Dads, it may not be easy for you to hold your tongue and avoid shooting off a string of expletives as you step on that stray Lego brick hiding in plain sight.

Even if you avoid using abusive language and gestures at home, in the presence of your children, it’s likely they will pick up some offensive language as they grow older. They are influenced by many different sources as they go to school, interact with other children, watch other adults and consume popular media.

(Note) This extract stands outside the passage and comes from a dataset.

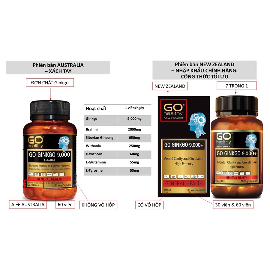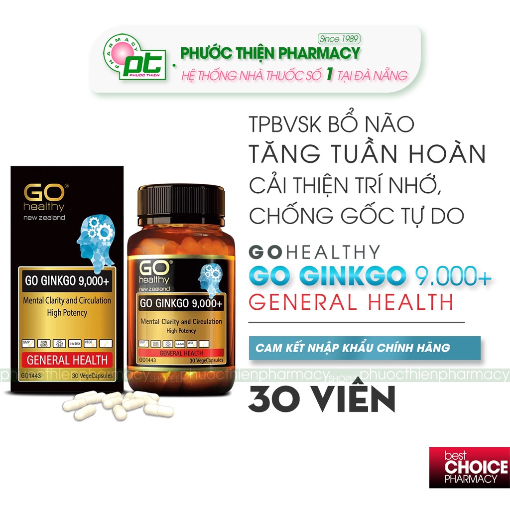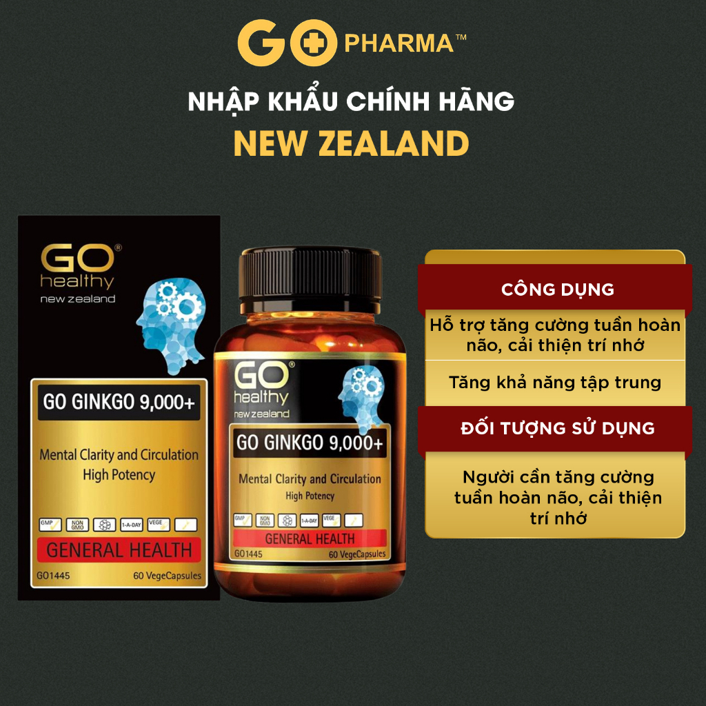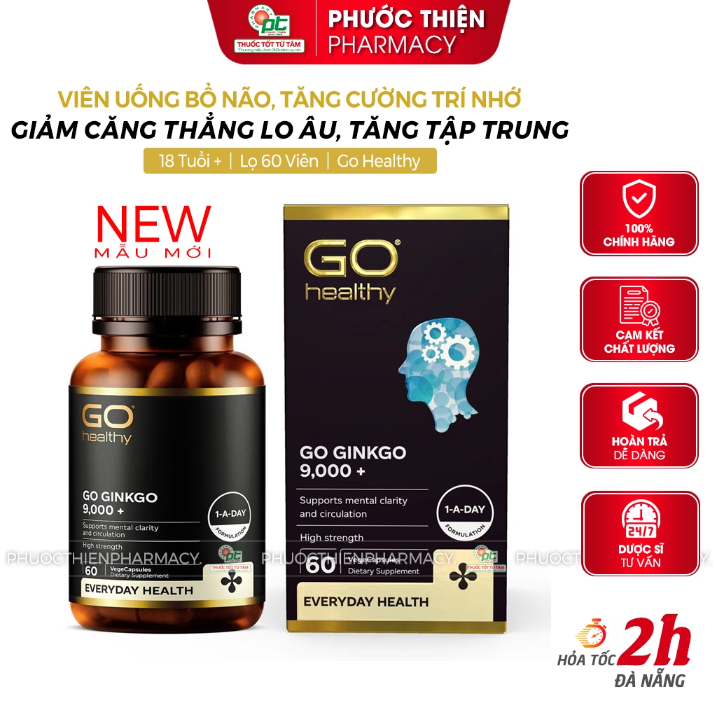 Bổ não GO Healthy Ginkgo 9000+ hoạt huyết, tăng trí nhớ tập trung, giảm căng thẳng, ngủ ngon

While every family follows their own rules and social norms, and the “bad words” themselves range from cutesy to colorful four-letter words, it is best to lay the groundwork as early as possible and have some guidelines in place.

Here’s what you need to know.

1. The first step is to understand why your child is swearing. Remember that they are not always swearing with the intent to hurt. Sometimes they are just parroting what they’ve heard, are trying to get attention, expressing their emotions or trying to fit in.

2. Speak with them and find out where they heard the words and why they are using it.

3. Avoid reacting in anger or lashing out immediately. This may reinforce the behavior when they want to aggravate you or get your attention.

4. Calmly explain to them why certain words are inappropriate and can be used to hurt others, with examples.

5. Help them understand that there are consequences to their actions. If they repeatedly use foul language or gestures, use time-outs and temporarily remove privileges like TV time.

6. Understand that sometimes they are just trying to express themselves. Be empathetic to their feelings and create a safe space for them to express their emotions. Gently guide them in the right direction.

7. If you do happen to swear in front of them, acknowledge it, apologize immediately and explain why it was inappropriate. This will help reinforce that the rules are important, and they apply to you as well.

8. Teach them how to express themselves using appropriate language as an alternative to cussing when they do slip up.

Remember, no matter what you do, children are influenced by their peers and will act differently outside the home. Swearing is sometimes a rite of passage as they are growing up. Focusing less on the words themselves, help your children develop positive intent and use their language to make others happy.

Our guide outlines the facts based on research from several online and offline resources. If you are in doubt or worried about your child for any reason, consult with a qualified and certified mental health professional or medical doctor.